§ TRY IT: All the data below goes into the copy word for word, but the pictures don't.

** Opening DATA RECORDS block **

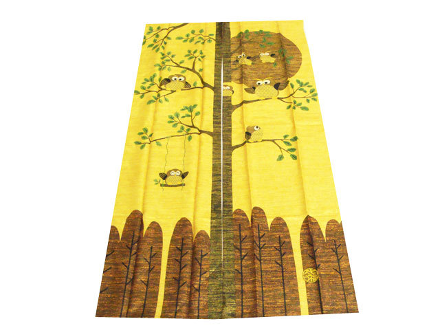 - 送料無料【新品】のれん 【金運ふくろう】 85cm × 150cm
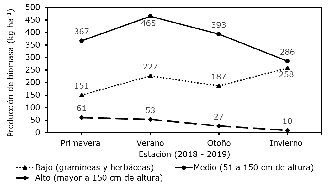 The seasonal variations in biomass production in this study coincide with the variations in seasonal forage consumption by South Texas deer. A decrease in forage consumption is observed in summer, followed by an increase in autumn and the greatest decrease in winter (Wheaton and Brown, 1983). The middle stratum contributed the highest amount of biomass in the four seasons of the year (> 1 000 kg ha-1), being summer, the season that contributed the highest biomass (1 858.52 kg ha-1) (Figure 3). This was mainly due to the 80 mm of precipitation in the area in July. However, it was estimated that grasses and herbaceous plants produced a greater quantity in winter (1 032.70 kg ha-1). The upper stratum was the one with the lowest biomass (≤ 250 kg ha-1) (Figure 3).
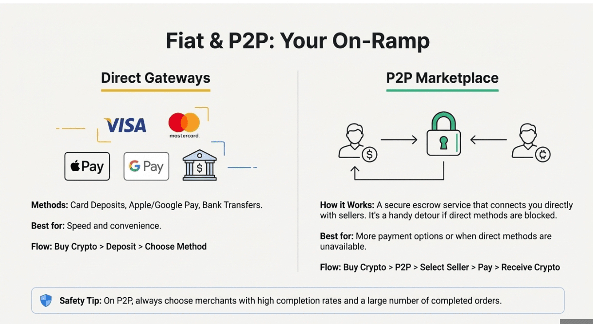 If your bank blocks card-based crypto buys, the P2P marketplace is a handy detour. It matches buyers and sellers directly and holds the seller’s coins in escrow until payment is confirmed, adding a safety net.
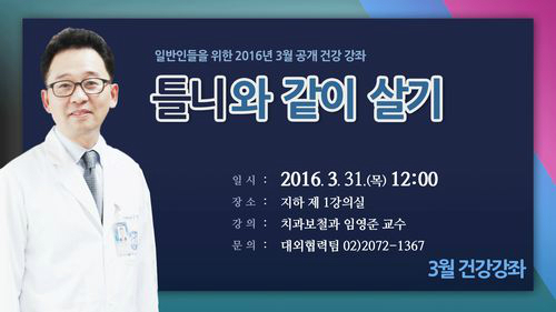 서울대학교치과병원(원장 류인철)이 3월 31일(목) 낮 12시 치과병원 지하 1강의실에서“틀니와 같이 살기”를 주제로 무료공개강좌를 개최한다고 22일 밝혔다.
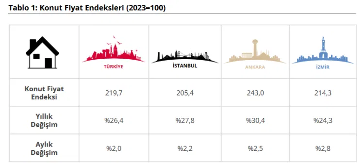 Mart ayında İstanbul’da aylık yüzde 2,2, Ankara’da yüzde 2,5 ve İzmir’de yüzde 2,8 oranında artış kaydedildi. Yıllık bazda ise İstanbul’da yüzde 27,8, Ankara’da yüzde 30,4 ve İzmir’de yüzde 24,3’lük yükseliş görüldü.
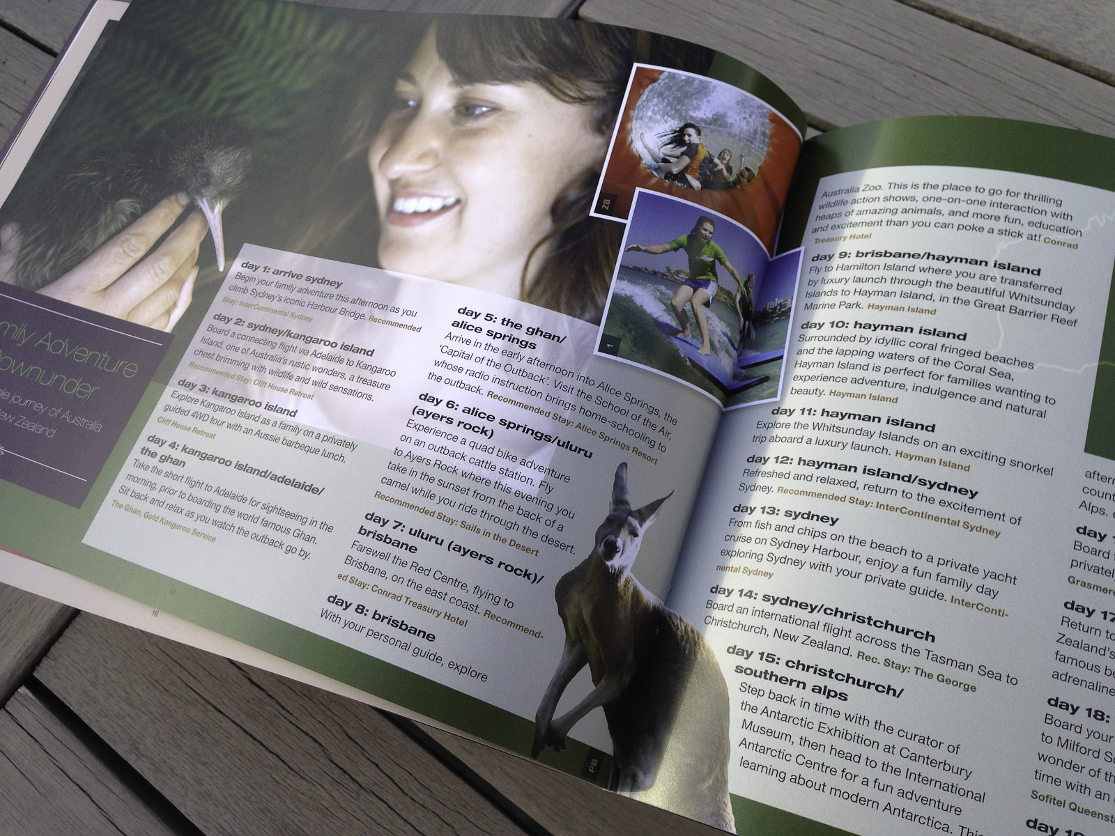Pionair Unparalleled Journeys travel brochure, booklet format. Family adventure downunder spread.
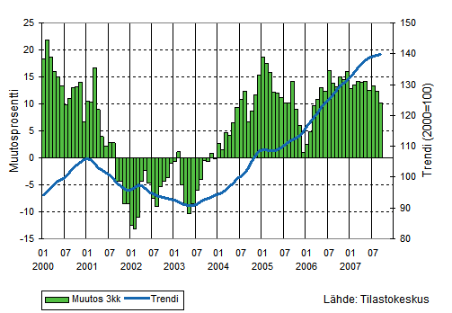 Teollisuuden liikevaihdon kolmen kuukauden liukuva vuosimuutos ja trendi 1/2000-9/2007, 2000=100

** Closing DATA RECORDS block **

§ RESULT OF THE TASK:
 - 送料無料【新品】のれん 【金運ふくろう】 85cm × 150cm
 The seasonal variations in biomass production in this study coincide with the variations in seasonal forage consumption by South Texas deer. A decrease in forage consumption is observed in summer, followed by an increase in autumn and the greatest decrease in winter (Wheaton and Brown, 1983). The middle stratum contributed the highest amount of biomass in the four seasons of the year (> 1 000 kg ha-1), being summer, the season that contributed the highest biomass (1 858.52 kg ha-1) (Figure 3). This was mainly due to the 80 mm of precipitation in the area in July. However, it was estimated that grasses and herbaceous plants produced a greater quantity in winter (1 032.70 kg ha-1). The upper stratum was the one with the lowest biomass (≤ 250 kg ha-1) (Figure 3).
 If your bank blocks card-based crypto buys, the P2P marketplace is a handy detour. It matches buyers and sellers directly and holds the seller’s coins in escrow until payment is confirmed, adding a safety net.
 서울대학교치과병원(원장 류인철)이 3월 31일(목) 낮 12시 치과병원 지하 1강의실에서“틀니와 같이 살기”를 주제로 무료공개강좌를 개최한다고 22일 밝혔다.
 Mart ayında İstanbul’da aylık yüzde 2,2, Ankara’da yüzde 2,5 ve İzmir’de yüzde 2,8 oranında artış kaydedildi. Yıllık bazda ise İstanbul’da yüzde 27,8, Ankara’da yüzde 30,4 ve İzmir’de yüzde 24,3’lük yükseliş görüldü.
Pionair Unparalleled Journeys travel brochure, booklet format. Family adventure downunder spread.
 Teollisuuden liikevaihdon kolmen kuukauden liukuva vuosimuutos ja trendi 1/2000-9/2007, 2000=100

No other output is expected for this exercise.